Welcome to merfish3d-analysis Documentation

GPU accelerated post-processing for 2D or 3D iterative barcoded FISH data. This package currently Nvidia only and Linux only due to RAPIDS.AI package availabilty.

WARNING: alpha software. We are sharing this early in case it is useful to other groups. Please expect breaking changes.


Iterative multiplexing experiments, such as MERFISH, typically involve 6D data. These dimensions are [rounds,tile,channel,z,y,x] and require significant processing across each dimension to go from raw data to quality controlled transcript 3D localizations and 3D cell outlines.

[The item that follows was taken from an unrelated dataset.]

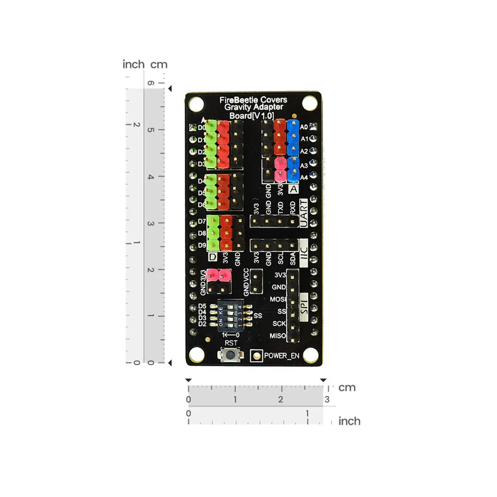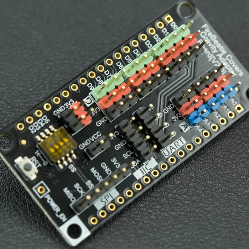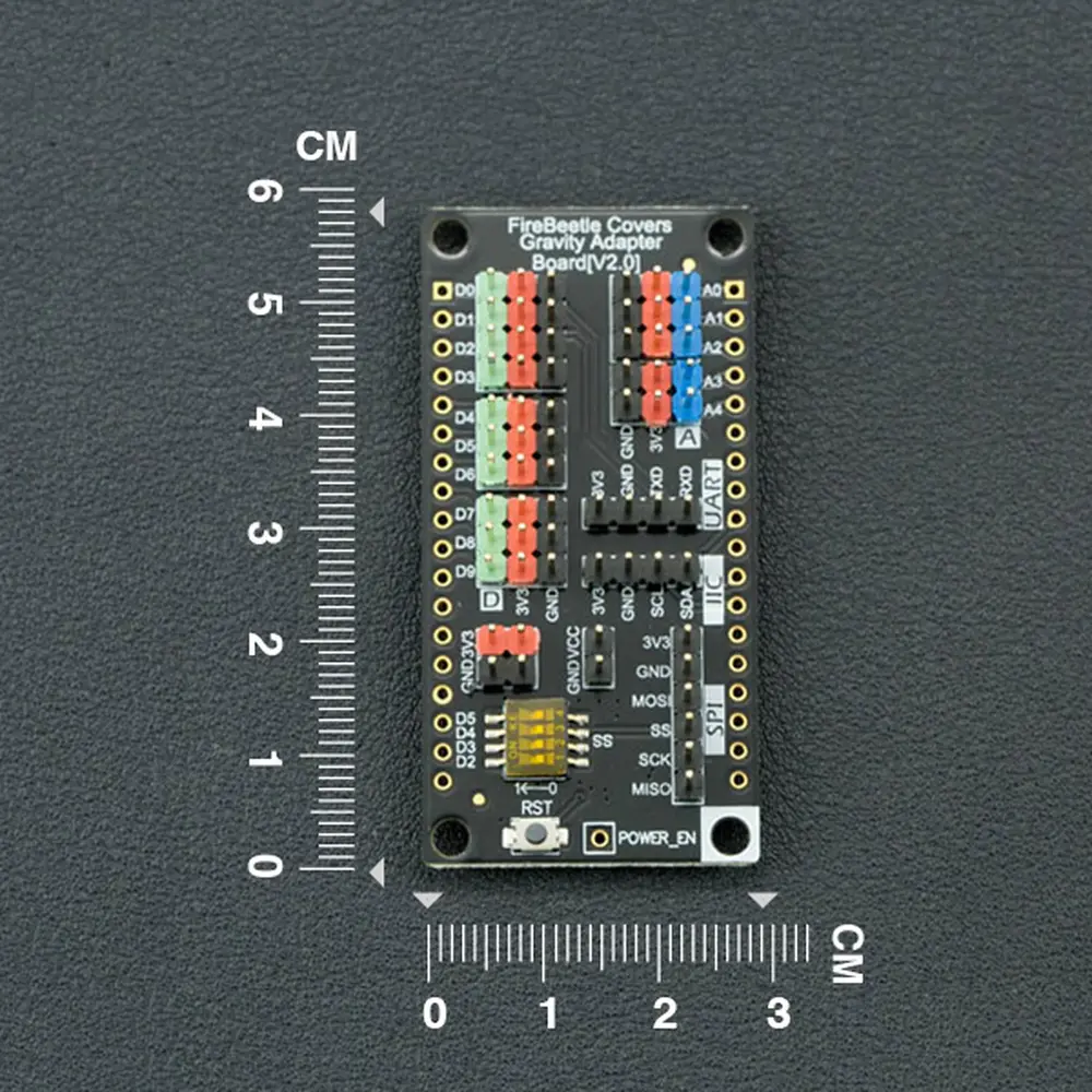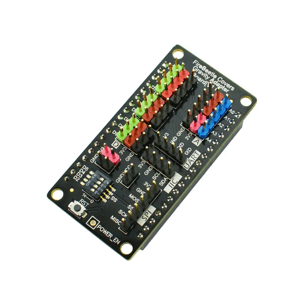 Un accesorio destacado de esta serie es el protector de expansión de E/S Gravity para FireBeetle Covers, que actúa como un conducto entre los sensores Gravity y los microcontroladores FireBeetle. Al establecer una conexión especializada, cada sensor se beneficia de pines de alimentación dedicados, lo que garantiza un funcionamiento estable y eficiente. Imagine configurar una red de sensores sin el cableado habitual; el protector de expansión es el puente que facilita su creatividad.

Additionally, our laboratory, the Quantiative Imaging and Inference Laboratory (qi2lab), specializes in high-throughput 3D microscopy using custom microscopes. This includes purpose built high numerical aperture widefield and oblique plane microscopy platforms. While increased sampling provides more information on the sample, it introduces new challenges due to the increase in data density and more complicated MERFISH decoding inverse problem.

To efficiently perform 3D MERFISH processing, we created this merfish3d-analysis package. The goal of the package is to aid researchers in rapidly and robustly turning gigabyte to petabyte level MERFISH data into decoded transcripts using chunked, compressed file formats and GPU-accelerated processing.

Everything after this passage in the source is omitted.